GOOD FRIDAY
2005
Last night we embarked on a journey
a wild and unpredictable journey.
Tonight we attempt to appreciate that: part of any journey is painful. Why?
Parenting –
The mother that worries about her son
The Father who longs to be confided in
The parent who wants to fix and the young adult who wants to do it all by themselves
and in their own time.
Feelings of emptiness and abandonment.
I remember many times when I disappointed my mother
and she would echoe these words.
Norman,
(when she calls me Norman I am in trouble, it’s like she’s calling me back to the womb.)
you’ll never understand what you do to me, until you have children of your own.
She has the Irish Catholic quilt thing down to an art form.
You’ll never understand what you do to me, until you have children of your own.
It’s taken me a while to understand her words.
Yeah, I got the concept, but the feelings are very different than a concept.
I have some children now, actually a lot.
(Some timely examples were given)
I have the child who won’t help themselves and I can’t make them.
I have the sons and daughters who don’t want to burden or bother father
with their problems.
I have the daughters and sons, and they are not teenagers,
who like to protect me
and therefore choose not to tell me things.
The concept is very different than the feeling.
God so loved the world that he gave us his only Son, so that we might have life.
Would you – a parent
– be willing to give that all up?
Those relationships in our lives for another.
Can we make that sacrifice?
We don’t have to – He did.
It’s painful stuff, but of anything you want to be involved the life of your child.
All I ask is that you talk to me.
In many ways all of us experience such relationships
as mentor, friend, co-worker, neighbor, youth minister, teacher.

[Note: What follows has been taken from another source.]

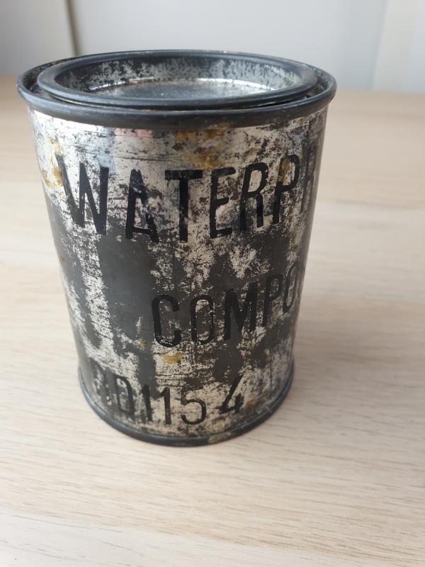 This putty was used to by thr Corps of Engineers to make connected detonators waterproof, when they were connected to Primacord. It s a coplete filled tin.

And we are all daughters and sons.
Sometimes in our lives
we all have pain
we all have sorrow
but if we are wise
we know that there’s always tomorrow
We celebrate this Good Friday, because it gives meaning to ours
We will celebrate it tomorrow – as life tends to teach us.
We know the end of the story
we know that Jesus did what His father wanted him to do.
He, like most of us, knew what was expected
what call had been planted in us.
Jesus made it happen.
And he gave His mother to his friend
and his friend to His mother. And he confided in His Father.
You’ll never understand what you do to me, until you have children of your own.
Tonight, on this Good Friday, we grow in our appreciation for what we did to God, how
we made Him feel. It is through such appreciation that we are open to the depth of His
love and the powerful fulfillment of the resurrection.
Perhaps these words from mother Phyllis Osborne speak most clearly in this time:
Every mother whose marine has come home has experienced that sense of resurrection, that
God has been listening…night after night. When we set eyes on them again, we count each of
their fingers, like when they were newborns. It’s as if our child’s birth has reoccurred all over.”
God offers us such hope, when we trust, when we are faithful to the Good Fridays this world
places us in. God, the Divine parents knows all to well.
He so loved the world, that he gave us His only begotten Son.